Una prima osservazione riguarda lo scarso dinamismo bancario in questo
settore, che non riguarda solo l'utilizzo dei portali, ma si colloca
ad un livello superiore, generale, e, aggiungiamo, generalizzato: questione
avvertita non solo in Italia, ma anche nel mondo americano, da sempre
apripista nell'adozione di nuovi sistemi ed esperienze.
Eppure, le premesse perché il B2B diventi un'area centrale nell'operatività
delle banche sono inequivocabili, a cominciare dal ruolo cardine svolto
dal settore dei pagamenti: le aziende, mediante l'utilizzo di sistemi
di pagamento elettronico possono infatti conseguire vantaggi concreti
in termini di taglio dei costi e per loro stessa ammissione ritengono
comunque che l'utilizzo costituisca un vero e proprio vantaggio competitivo.
Le banche, dal canto loro, possono svolgere un ruolo di primo piano,
a condizione che riescano a vedere i pagamenti come dei processi integrati,
più che come insiemi di fasi.
Lo scenario dunque, lascerebbe presupporre un dinamismo delle banche
addirittura superiore a quanto avviene nel B2C; l'odierno mercato del
B2B appare invece notevolmente sottodimensionato, e la stragrande maggioranza
dei pagamenti B2B continua ad essere effettuata su supporto cartaceo:
si deve dunque constatare che i primi a dimostrare scarsa predisposizione
e diffidenza verso il nuovo sistema sono proprio quei soggetti che da
esso conseguirebbero i vantaggi più evidenti.

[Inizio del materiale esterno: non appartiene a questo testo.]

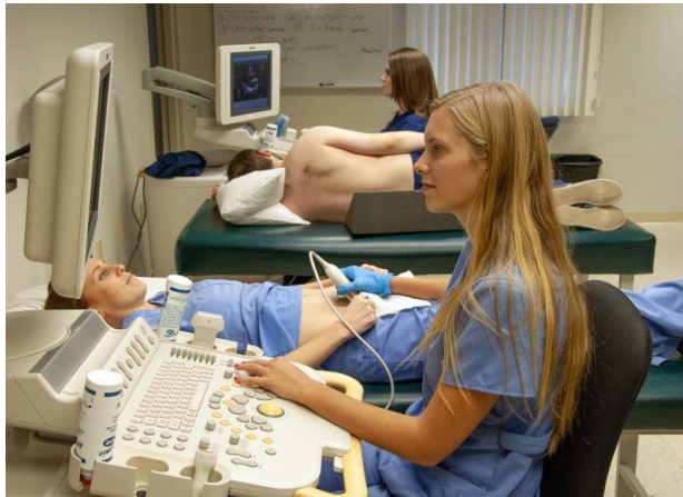
South Hills Third-year DMS Students practice their scanning skills in preparation for the first day of clinical internship

December is a busy time for the third-year Diagnostic Medical Sonography (DMS) students as they prepare to begin their clinical internships in January.

Le motivazioni sembrano risiedere nel fatto che i sistemi di pagamento
elettronico in questo settore non hanno ancora raggiunto un livello
di semplificazione e sicurezza sufficiente a soddisfare le richieste
degli utenti: così, nell'attesa che tale gap, venga, le preferenze si
dirigono verso i sistemi tradizionali.
Va però sottolineato come da molte parti si suggerisca che nei prossimi
anni la situazione sia destinata a mutare radicalmente, grazie alle
partnership tra produttori di tecnologia e istituzioni finanziarie,
che contribuiranno a colmare rapidamente lo scarto attuale; anche in
questo settore si riproporrà il confronto tra emittenti di carte di
credito e soggetti bancari, con i primi forse avvantaggiati da quella
concezione unitaria del processo di pagamento alla quale sopra abbiamo
fatto riferimento, e i secondi a doverla rapidamente acquisire se vogliono
riuscire a sfruttare utilmente la loro posizione centrale nel mondo
dei pagamenti: del resto, se l'intermediazione è una delle attività
fondamentali delle banche, non si vede perché queste debbano farsi sfuggire
la possibilità di agire profittevolmente nell'area dei pagamenti, che
di questa è uno dei riflessi più importanti.
Lo scenario appena descritto si riflette sul modo in cui lo strumento
- portale si è diffuso fino ad oggi nel mondo del B2B: come abbiamo
visto, lo scarso interesse dimostrato dalle banche per tale strumento
in quest'area è in parte motivato dalla diffidenza di coloro che dovrebbero
servirsi dei servizi da questo offerti. Tale situazione, ha portato
il portale ad essere uno strumento utilizzato più o meno da aziende,
che si pongono come intermediari nel processo di contatto tra le imprese.
Anche nel B2B, tuttavia, non mancano esempi di banche coinvolte in portali
per il B2B: la maggior parte delle volte questo coinvolgimento avviene
in termini di collaborazione con altri soggetti: per riferirci alla
realtà italiana, possiamo ricordare l'esempio di Coralis, gestito da
Mercato Impresa, società partecipata al 65% dal gruppo Banca Popolare
di Bergamo - Credito Varesino e per il resto da B2Biscom (gruppo e.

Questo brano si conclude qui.